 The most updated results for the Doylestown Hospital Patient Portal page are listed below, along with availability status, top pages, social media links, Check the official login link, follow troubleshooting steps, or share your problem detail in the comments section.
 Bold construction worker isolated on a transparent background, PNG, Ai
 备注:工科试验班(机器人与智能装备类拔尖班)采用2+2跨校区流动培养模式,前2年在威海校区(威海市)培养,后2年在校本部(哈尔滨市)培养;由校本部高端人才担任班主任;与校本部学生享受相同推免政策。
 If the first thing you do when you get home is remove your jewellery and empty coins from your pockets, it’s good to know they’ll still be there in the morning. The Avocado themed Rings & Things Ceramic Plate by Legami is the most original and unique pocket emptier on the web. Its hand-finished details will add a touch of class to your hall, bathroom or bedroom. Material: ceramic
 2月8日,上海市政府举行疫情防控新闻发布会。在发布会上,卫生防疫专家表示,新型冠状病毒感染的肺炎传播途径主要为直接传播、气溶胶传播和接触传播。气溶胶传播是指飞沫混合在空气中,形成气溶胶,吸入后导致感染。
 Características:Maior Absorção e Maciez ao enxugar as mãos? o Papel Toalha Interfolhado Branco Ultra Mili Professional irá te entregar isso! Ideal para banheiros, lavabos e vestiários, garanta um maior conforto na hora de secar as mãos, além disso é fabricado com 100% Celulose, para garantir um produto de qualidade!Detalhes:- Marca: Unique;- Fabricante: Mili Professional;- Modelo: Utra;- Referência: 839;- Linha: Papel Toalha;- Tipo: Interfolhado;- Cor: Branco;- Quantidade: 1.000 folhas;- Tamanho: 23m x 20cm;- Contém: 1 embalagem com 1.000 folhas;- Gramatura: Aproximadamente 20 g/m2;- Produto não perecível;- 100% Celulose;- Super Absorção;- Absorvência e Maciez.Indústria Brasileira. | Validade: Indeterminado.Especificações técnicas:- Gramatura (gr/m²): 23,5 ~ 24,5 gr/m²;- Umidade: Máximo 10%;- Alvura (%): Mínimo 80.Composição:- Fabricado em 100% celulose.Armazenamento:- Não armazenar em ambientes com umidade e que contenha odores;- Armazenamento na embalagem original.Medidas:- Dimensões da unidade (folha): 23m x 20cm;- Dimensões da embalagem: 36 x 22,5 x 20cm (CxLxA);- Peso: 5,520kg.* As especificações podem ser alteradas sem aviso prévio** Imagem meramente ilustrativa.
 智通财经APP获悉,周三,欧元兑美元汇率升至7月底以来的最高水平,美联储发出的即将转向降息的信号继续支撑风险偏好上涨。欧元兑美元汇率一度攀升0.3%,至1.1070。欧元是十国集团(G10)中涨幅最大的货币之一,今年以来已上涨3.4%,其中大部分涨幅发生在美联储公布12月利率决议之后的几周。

───

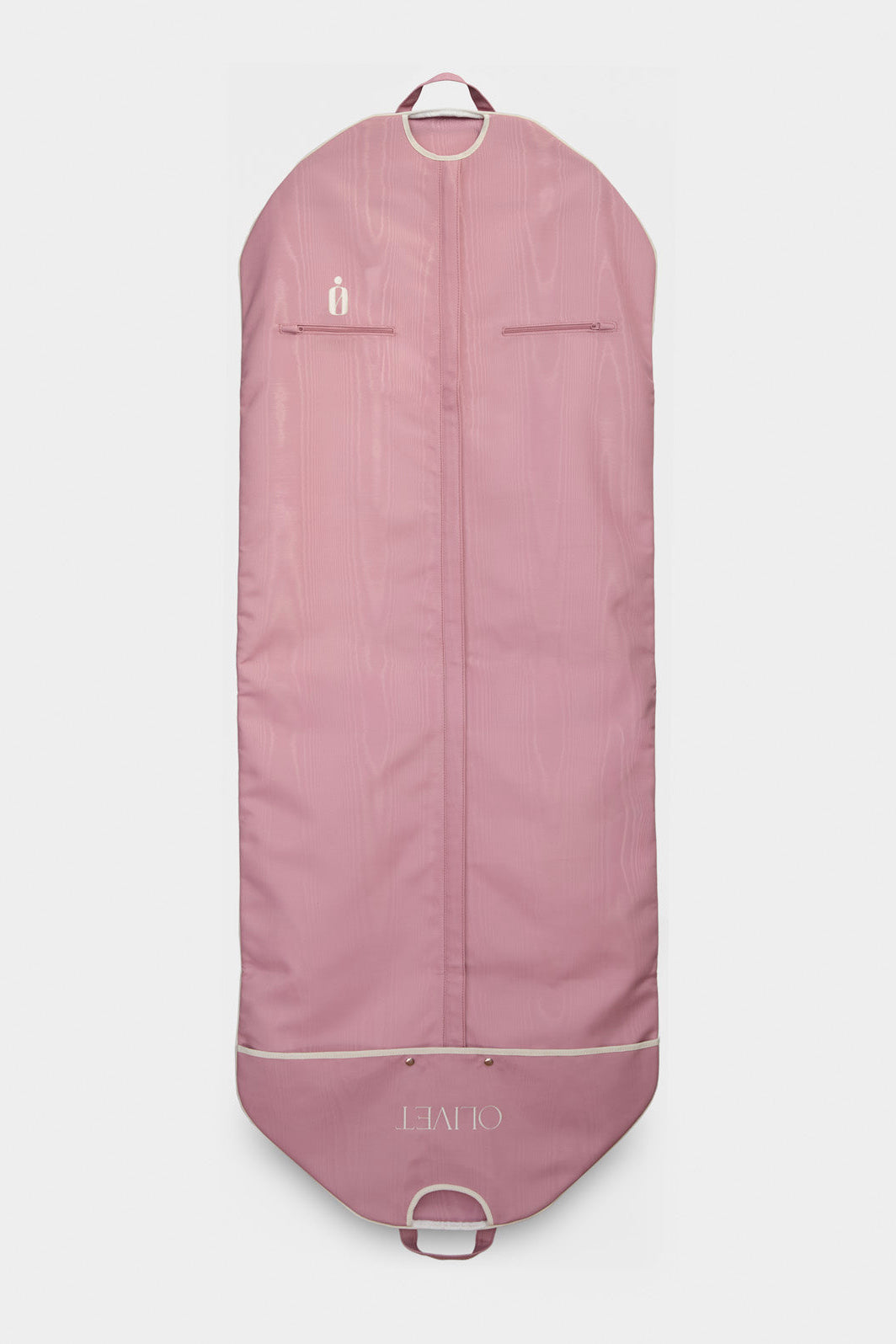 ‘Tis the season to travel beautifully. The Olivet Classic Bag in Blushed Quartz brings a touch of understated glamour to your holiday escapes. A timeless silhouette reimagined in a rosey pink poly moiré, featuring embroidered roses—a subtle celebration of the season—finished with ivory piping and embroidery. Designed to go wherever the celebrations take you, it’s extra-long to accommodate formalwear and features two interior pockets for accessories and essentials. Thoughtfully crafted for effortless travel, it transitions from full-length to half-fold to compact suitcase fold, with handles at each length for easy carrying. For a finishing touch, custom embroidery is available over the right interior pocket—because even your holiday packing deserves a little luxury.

───

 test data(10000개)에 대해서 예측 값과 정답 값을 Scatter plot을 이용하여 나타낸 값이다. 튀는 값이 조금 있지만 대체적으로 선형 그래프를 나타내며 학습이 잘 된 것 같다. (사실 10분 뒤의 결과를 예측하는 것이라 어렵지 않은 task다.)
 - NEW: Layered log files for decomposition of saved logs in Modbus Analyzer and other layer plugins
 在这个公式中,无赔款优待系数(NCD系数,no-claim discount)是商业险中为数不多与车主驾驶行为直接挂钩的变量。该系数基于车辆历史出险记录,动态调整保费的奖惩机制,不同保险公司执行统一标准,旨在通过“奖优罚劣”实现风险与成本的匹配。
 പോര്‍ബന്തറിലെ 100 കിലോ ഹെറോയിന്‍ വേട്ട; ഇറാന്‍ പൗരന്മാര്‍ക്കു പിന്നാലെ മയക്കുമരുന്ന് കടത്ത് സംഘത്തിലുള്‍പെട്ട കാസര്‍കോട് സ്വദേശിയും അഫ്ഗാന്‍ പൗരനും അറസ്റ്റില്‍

───

◆ Activity
Please transcribe only the lines in the records above running from the line that has "备注:工科试验班(机器人与智" through the line that has "2月8日,上海市政府举行疫情", both included, exactly as they appear.

◆ Result of the task
 备注:工科试验班(机器人与智能装备类拔尖班)采用2+2跨校区流动培养模式,前2年在威海校区(威海市)培养,后2年在校本部(哈尔滨市)培养;由校本部高端人才担任班主任;与校本部学生享受相同推免政策。
 If the first thing you do when you get home is remove your jewellery and empty coins from your pockets, it’s good to know they’ll still be there in the morning. The Avocado themed Rings & Things Ceramic Plate by Legami is the most original and unique pocket emptier on the web. Its hand-finished details will add a touch of class to your hall, bathroom or bedroom. Material: ceramic
 2月8日,上海市政府举行疫情防控新闻发布会。在发布会上,卫生防疫专家表示,新型冠状病毒感染的肺炎传播途径主要为直接传播、气溶胶传播和接触传播。气溶胶传播是指飞沫混合在空气中,形成气溶胶,吸入后导致感染。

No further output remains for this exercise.